-- Opening Marker --

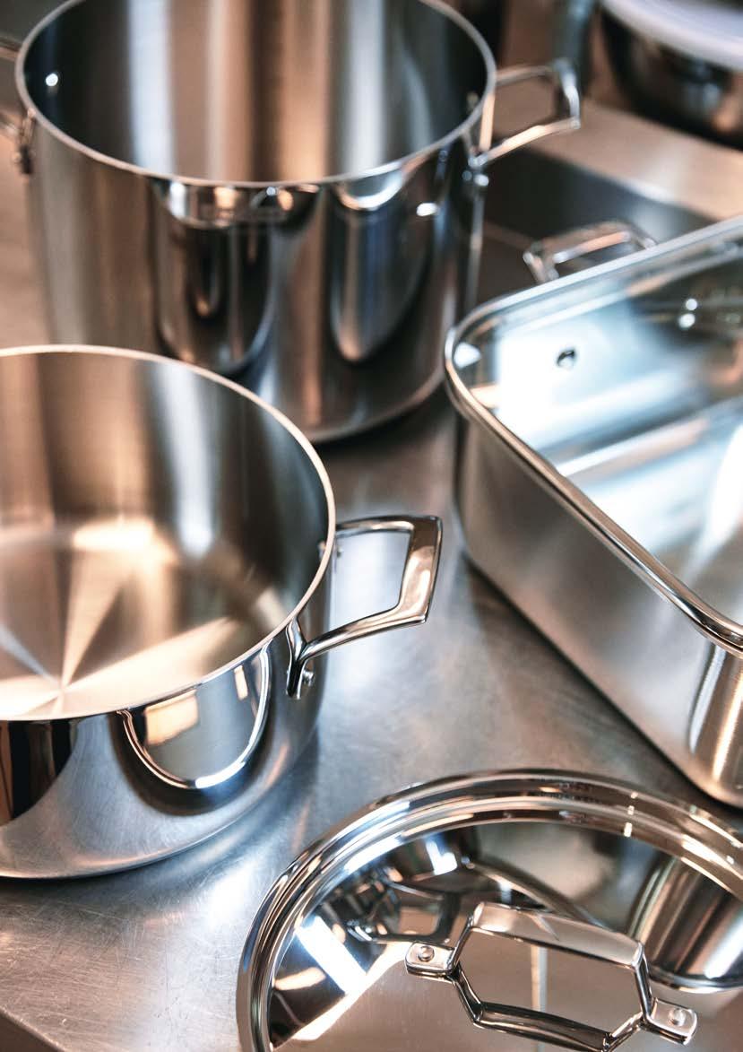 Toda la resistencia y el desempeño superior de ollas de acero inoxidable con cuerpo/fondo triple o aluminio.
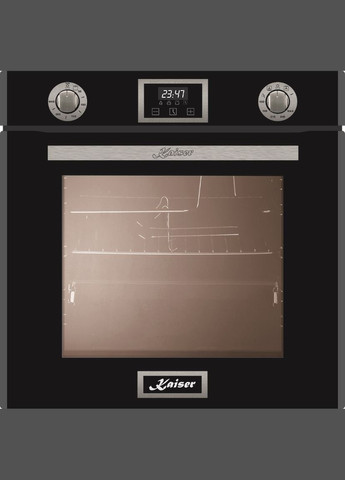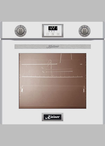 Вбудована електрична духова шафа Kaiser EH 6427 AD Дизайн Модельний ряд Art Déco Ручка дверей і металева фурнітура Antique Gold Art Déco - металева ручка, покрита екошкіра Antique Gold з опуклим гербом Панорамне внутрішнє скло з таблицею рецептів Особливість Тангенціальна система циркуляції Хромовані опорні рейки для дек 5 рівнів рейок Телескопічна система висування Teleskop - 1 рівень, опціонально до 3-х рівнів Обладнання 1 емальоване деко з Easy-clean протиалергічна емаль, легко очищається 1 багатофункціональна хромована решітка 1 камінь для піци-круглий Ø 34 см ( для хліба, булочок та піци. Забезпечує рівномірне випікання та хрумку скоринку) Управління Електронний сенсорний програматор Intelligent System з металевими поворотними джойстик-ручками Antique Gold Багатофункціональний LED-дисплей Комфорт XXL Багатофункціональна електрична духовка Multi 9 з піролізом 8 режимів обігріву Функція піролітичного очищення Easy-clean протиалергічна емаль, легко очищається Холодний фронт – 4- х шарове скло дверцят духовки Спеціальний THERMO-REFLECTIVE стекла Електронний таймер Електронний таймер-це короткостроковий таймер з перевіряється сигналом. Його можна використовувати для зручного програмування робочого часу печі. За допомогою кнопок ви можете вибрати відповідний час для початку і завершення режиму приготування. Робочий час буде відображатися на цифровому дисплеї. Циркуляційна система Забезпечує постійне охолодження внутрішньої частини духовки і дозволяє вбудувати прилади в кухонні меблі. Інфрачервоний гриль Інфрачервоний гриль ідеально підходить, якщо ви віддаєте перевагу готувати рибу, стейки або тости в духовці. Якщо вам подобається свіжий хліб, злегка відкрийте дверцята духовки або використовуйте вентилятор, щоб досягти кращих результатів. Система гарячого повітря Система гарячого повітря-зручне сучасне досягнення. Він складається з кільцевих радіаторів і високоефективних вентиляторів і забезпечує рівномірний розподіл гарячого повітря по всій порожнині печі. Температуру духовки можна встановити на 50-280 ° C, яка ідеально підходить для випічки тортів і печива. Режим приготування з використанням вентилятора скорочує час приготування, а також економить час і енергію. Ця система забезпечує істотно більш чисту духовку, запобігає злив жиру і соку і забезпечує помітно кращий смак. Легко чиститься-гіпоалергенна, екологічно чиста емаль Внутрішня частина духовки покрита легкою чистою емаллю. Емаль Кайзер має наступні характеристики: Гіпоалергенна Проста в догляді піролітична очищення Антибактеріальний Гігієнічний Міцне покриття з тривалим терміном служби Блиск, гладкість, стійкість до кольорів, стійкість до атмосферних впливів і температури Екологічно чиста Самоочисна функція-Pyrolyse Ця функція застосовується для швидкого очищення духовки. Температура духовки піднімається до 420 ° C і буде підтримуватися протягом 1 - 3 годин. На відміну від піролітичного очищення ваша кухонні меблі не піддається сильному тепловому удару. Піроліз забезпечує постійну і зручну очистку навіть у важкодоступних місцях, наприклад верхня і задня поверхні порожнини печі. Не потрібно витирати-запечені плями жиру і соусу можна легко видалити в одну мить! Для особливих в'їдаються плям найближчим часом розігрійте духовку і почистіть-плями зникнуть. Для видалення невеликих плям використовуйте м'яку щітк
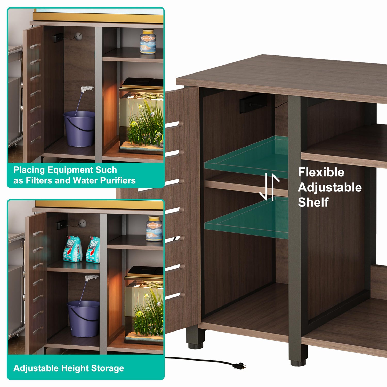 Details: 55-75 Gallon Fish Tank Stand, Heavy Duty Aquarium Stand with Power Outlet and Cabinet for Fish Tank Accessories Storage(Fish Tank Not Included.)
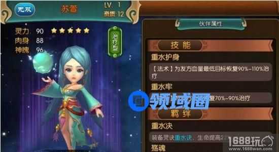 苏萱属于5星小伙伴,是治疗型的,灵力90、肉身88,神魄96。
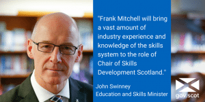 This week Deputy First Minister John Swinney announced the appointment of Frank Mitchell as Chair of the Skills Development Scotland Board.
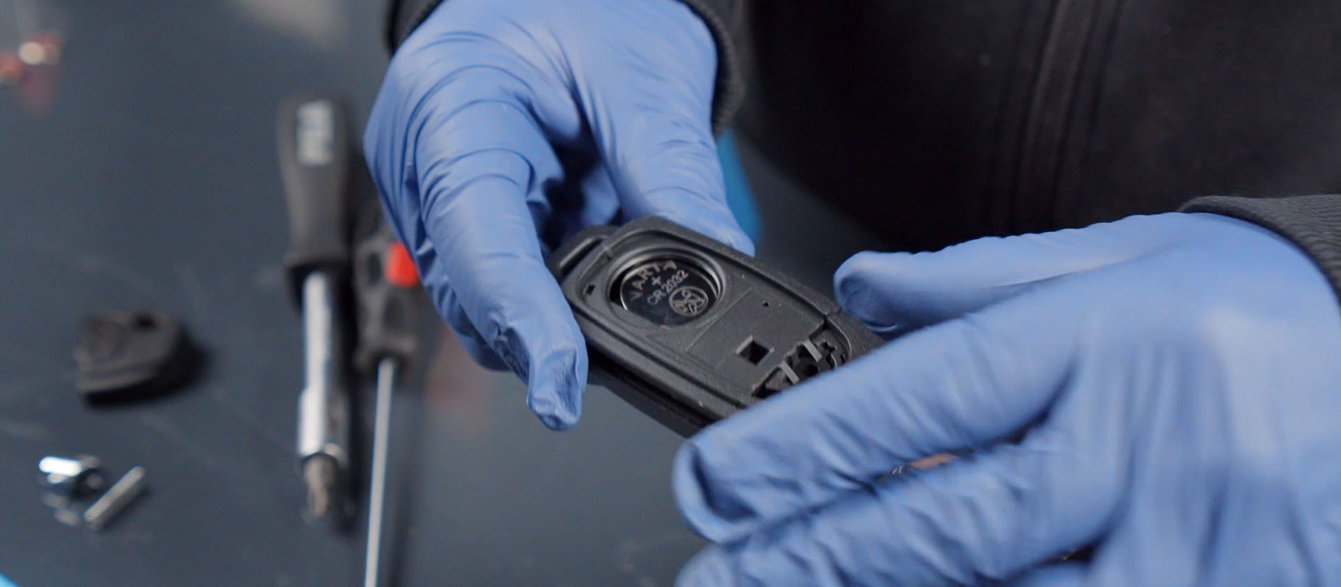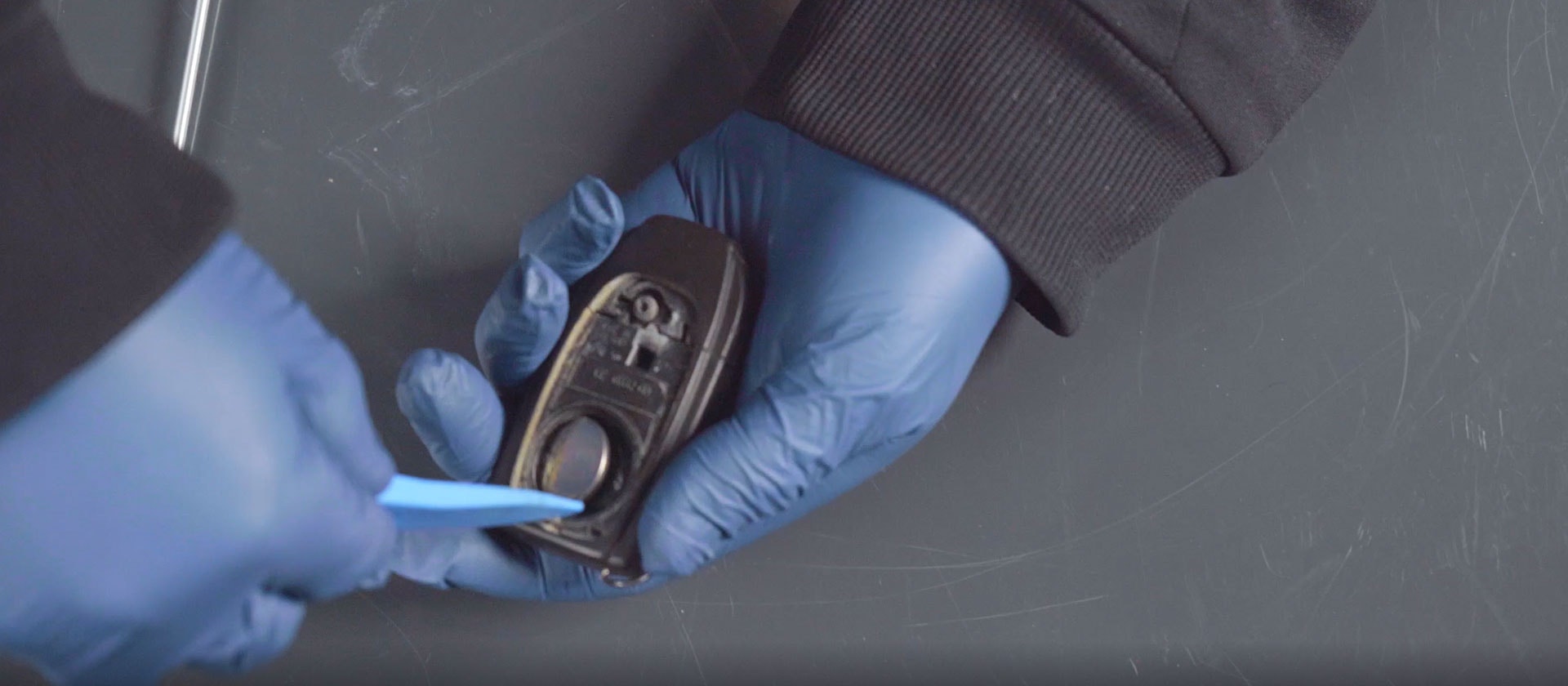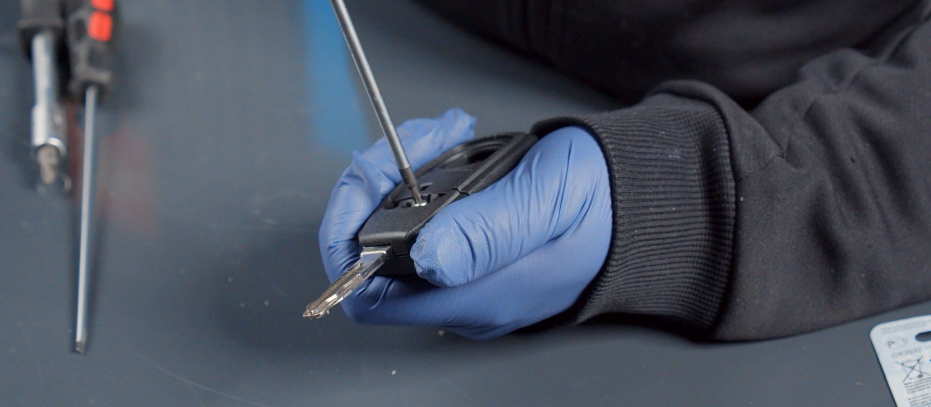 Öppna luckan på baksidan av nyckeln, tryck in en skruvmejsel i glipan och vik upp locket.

-- Closing Marker --

Strip the images and return the remaining data exactly.

 Toda la resistencia y el desempeño superior de ollas de acero inoxidable con cuerpo/fondo triple o aluminio.
 Вбудована електрична духова шафа Kaiser EH 6427 AD Дизайн Модельний ряд Art Déco Ручка дверей і металева фурнітура Antique Gold Art Déco - металева ручка, покрита екошкіра Antique Gold з опуклим гербом Панорамне внутрішнє скло з таблицею рецептів Особливість Тангенціальна система циркуляції Хромовані опорні рейки для дек 5 рівнів рейок Телескопічна система висування Teleskop - 1 рівень, опціонально до 3-х рівнів Обладнання 1 емальоване деко з Easy-clean протиалергічна емаль, легко очищається 1 багатофункціональна хромована решітка 1 камінь для піци-круглий Ø 34 см ( для хліба, булочок та піци. Забезпечує рівномірне випікання та хрумку скоринку) Управління Електронний сенсорний програматор Intelligent System з металевими поворотними джойстик-ручками Antique Gold Багатофункціональний LED-дисплей Комфорт XXL Багатофункціональна електрична духовка Multi 9 з піролізом 8 режимів обігріву Функція піролітичного очищення Easy-clean протиалергічна емаль, легко очищається Холодний фронт – 4- х шарове скло дверцят духовки Спеціальний THERMO-REFLECTIVE стекла Електронний таймер Електронний таймер-це короткостроковий таймер з перевіряється сигналом. Його можна використовувати для зручного програмування робочого часу печі. За допомогою кнопок ви можете вибрати відповідний час для початку і завершення режиму приготування. Робочий час буде відображатися на цифровому дисплеї. Циркуляційна система Забезпечує постійне охолодження внутрішньої частини духовки і дозволяє вбудувати прилади в кухонні меблі. Інфрачервоний гриль Інфрачервоний гриль ідеально підходить, якщо ви віддаєте перевагу готувати рибу, стейки або тости в духовці. Якщо вам подобається свіжий хліб, злегка відкрийте дверцята духовки або використовуйте вентилятор, щоб досягти кращих результатів. Система гарячого повітря Система гарячого повітря-зручне сучасне досягнення. Він складається з кільцевих радіаторів і високоефективних вентиляторів і забезпечує рівномірний розподіл гарячого повітря по всій порожнині печі. Температуру духовки можна встановити на 50-280 ° C, яка ідеально підходить для випічки тортів і печива. Режим приготування з використанням вентилятора скорочує час приготування, а також економить час і енергію. Ця система забезпечує істотно більш чисту духовку, запобігає злив жиру і соку і забезпечує помітно кращий смак. Легко чиститься-гіпоалергенна, екологічно чиста емаль Внутрішня частина духовки покрита легкою чистою емаллю. Емаль Кайзер має наступні характеристики: Гіпоалергенна Проста в догляді піролітична очищення Антибактеріальний Гігієнічний Міцне покриття з тривалим терміном служби Блиск, гладкість, стійкість до кольорів, стійкість до атмосферних впливів і температури Екологічно чиста Самоочисна функція-Pyrolyse Ця функція застосовується для швидкого очищення духовки. Температура духовки піднімається до 420 ° C і буде підтримуватися протягом 1 - 3 годин. На відміну від піролітичного очищення ваша кухонні меблі не піддається сильному тепловому удару. Піроліз забезпечує постійну і зручну очистку навіть у важкодоступних місцях, наприклад верхня і задня поверхні порожнини печі. Не потрібно витирати-запечені плями жиру і соусу можна легко видалити в одну мить! Для особливих в'їдаються плям найближчим часом розігрійте духовку і почистіть-плями зникнуть. Для видалення невеликих плям використовуйте м'яку щітк
 Details: 55-75 Gallon Fish Tank Stand, Heavy Duty Aquarium Stand with Power Outlet and Cabinet for Fish Tank Accessories Storage(Fish Tank Not Included.)
 苏萱属于5星小伙伴,是治疗型的,灵力90、肉身88,神魄96。
 This week Deputy First Minister John Swinney announced the appointment of Frank Mitchell as Chair of the Skills Development Scotland Board.
 Öppna luckan på baksidan av nyckeln, tryck in en skruvmejsel i glipan och vik upp locket.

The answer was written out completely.